I prayed as I had never prayed before, and while I am now able to say
that the Lord was at work – I didn’t see it then – and He certainly wasn’t
working the way I wanted Him to. All
these years later, just writing about it can still make me feel anxious.
After some
years, things eventually eased up and a measure of distance from one another
helped lower anxiety levels. But
relationships had not healed. There were
years when we couldn’t even talk about it with one another. Relationships were strained and I, for one, had
little hope they would ever be any different and I grieved over it.
How small
was my faith, for I seriously underestimated what my Sovereign, Omnipotent God,
who is in the business of doing the impossible, would eventually do.
Slowly,
slowly, within the last few years I have begun to enjoy a sweetness of
relationship with the one who was the cause of my fear and anxiety. There is a new level of understanding, appreciation
and love between us that I never thought we would ever see. I thank the Lord for it every day. He has proved Himself to be “the God that
healeth”.
What prompted
this blog however, was what He has done in the last month or so. I wish I could reveal all the details, but
doing so might hurt someone, so I will keep them to myself. What I can say is that He took two people who
were mostly estranged and gave them a time together to remember forever. He took a relationship previously shaped by anger
and distance, and healed it completely. He didn’t just mend it, He transformed
it to one of real love and appreciation for the very personality and behavioral
differences that were the cause of division before.
I’m blown
away by God’s faithfulness to hear our prayers and answer them, in His time and
in His way, and without any “helpful” interference from me!

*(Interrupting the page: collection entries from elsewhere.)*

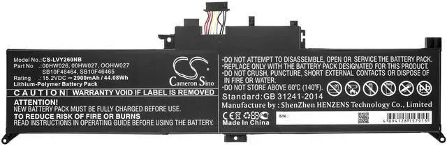 Battery for Lenovo ThinkPad Yoga 260 ThinkPad Yoga 260 20FD001XGE ThinkPad Yoga Compatible with the following devices ThinkPad Yoga 260, ThinkPad Yoga 260 20FD001XGE, ThinkPad Yoga 260(20FD-000SAU), ThinkPad Yoga 260(20FD-000XAU), ThinkPad Yoga 260(20FD-0010AU), ThinkPad Yoga 260(20FD-0014AU), ThinkPad Yoga 260(20FD-0016AU), ThinkPad Yoga 260(20FD-CTO1WW), ThinkPad Yoga 260(20FE-0003AU), ThinkPad Yoga 260(20FE-000VAU), ThinkPad Yoga 260(20FE-000YAU), ThinkPad Yoga 260(20FE-0010AU), ThinkPad Yoga 260(20FE-0011AU), ThinkPad Yoga 260(20FE-002AAU), ThinkPad Yoga 260(20FE-002BAU), ThinkPad Yoga 260(20FE-002DAU), ThinkPad Yoga 260(20FE-0032AU), ThinkPad Yoga 260(20FE-0036AU), ThinkPad Yoga 260(20FE-0037AU), ThinkPad Yoga 260(20FE-A005AU), ThinkPad Yoga 260(20FE-A006AU), ThinkPad Yoga 260(20FE-A008AU), ThinkPad Yoga 260(20FE-A01YAU), ThinkPad Yoga 260(20FE-A02EAU), ThinkPad Yoga 260(20FE-S00100), ThinkPad Yoga 260(20FE-S00200), ThinkPad Yoga 260(20FE-S00A00), ThinkPad Yoga 260(20FE-S00C00), ThinkPad Yoga 260(20FE-S05401), ThinkPad Yoga 260(20FE-S08C00), ThinkPad Yoga 260(20FE-S08N01), ThinkPad Yoga 260(20FE-S08P01), ThinkPad Yoga 260(20FE-S0DG00), ThinkPad Yoga 260(20FE-S0DH00) Compatible with Battery Part Numbers 00HW026, 00HW027, OOHW027, SB10F46464, SB10F46465
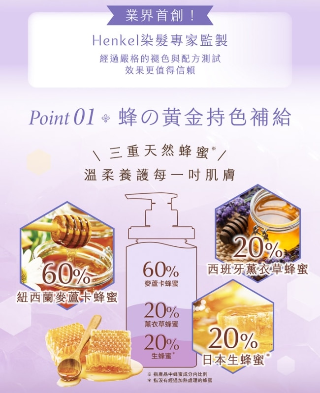 | 商品簡述 | 使用蜂蜜和染髮護理成分來保持新染顏色的護髮產品。含有賦予光澤的著色成分。法國薰衣草蜂蜜的味道。 |
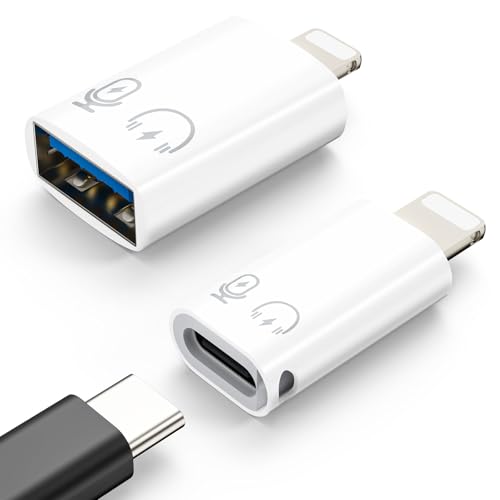 MoKo USB C Female to Lightning Male Adapter, Lightning Male to USB-A Female OTG Adapter Connector for i-Phone 14/13/12/11 Pro Max/iPad/iPod/AirPods, Support 10W Fast Charging/Data Transfer
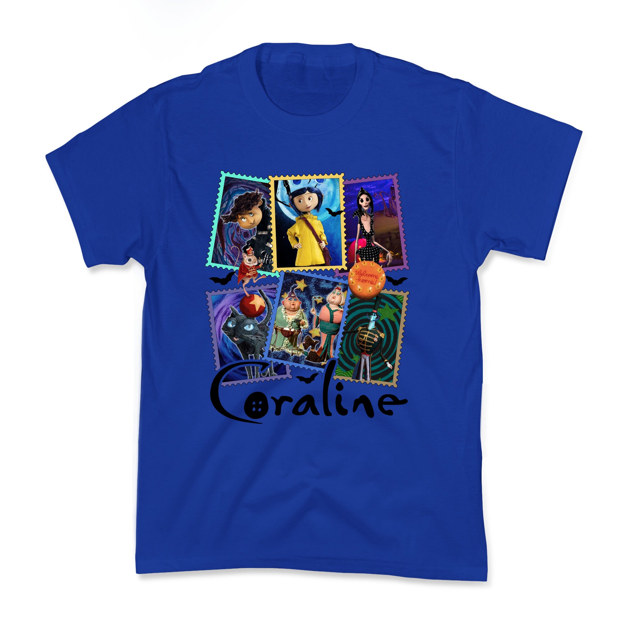 Step into the eerie charm of Coralines world with this shirt featuring the films most iconic characters in stunning detail....
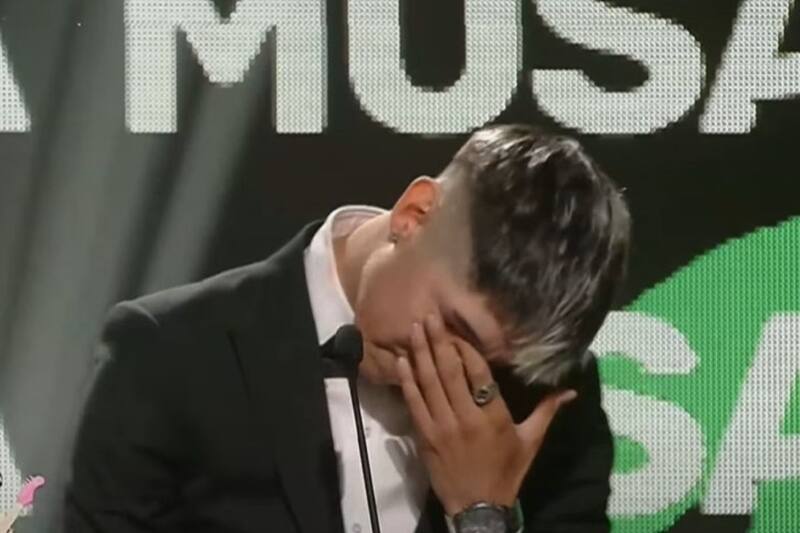 "Estoy muy nervioso. Muchas gracias primero que todo a mi equipo de trabajo, a JP mi manager, que sin él no hubiera sido posible", partió señalando para terminar por quebrarse tras posicionarse como el ganador de una de las categorías más importantes del año.

Why do I doubt that He is able to do things
like this? I doubt Him because I focus
on the seemingly, impossible to change, people involved and not on the God of
whom it was said, “Is anything too hard for the Lord?” I doubt Him because I have expectations that
He will work in THIS way, and no other, and I miss what He IS doing though it
could be staring me in the face.
I don’t
think Anthony doubted the Lord as Healer, even though he was never healed of
his blindness. But then, who knows that
maybe he had been healed in many other ways in his life so that prompted his reverent worship of the Lord, Who is Healer?
Does the
Lord ALWAYS heal us physically or emotionally or relationally? No, sometimes, for reasons we may never
understand this side of heaven, it is for our best and His glory not to answer
that prayer with a yes. When the Lord does heal, it is a gift of His generous grace.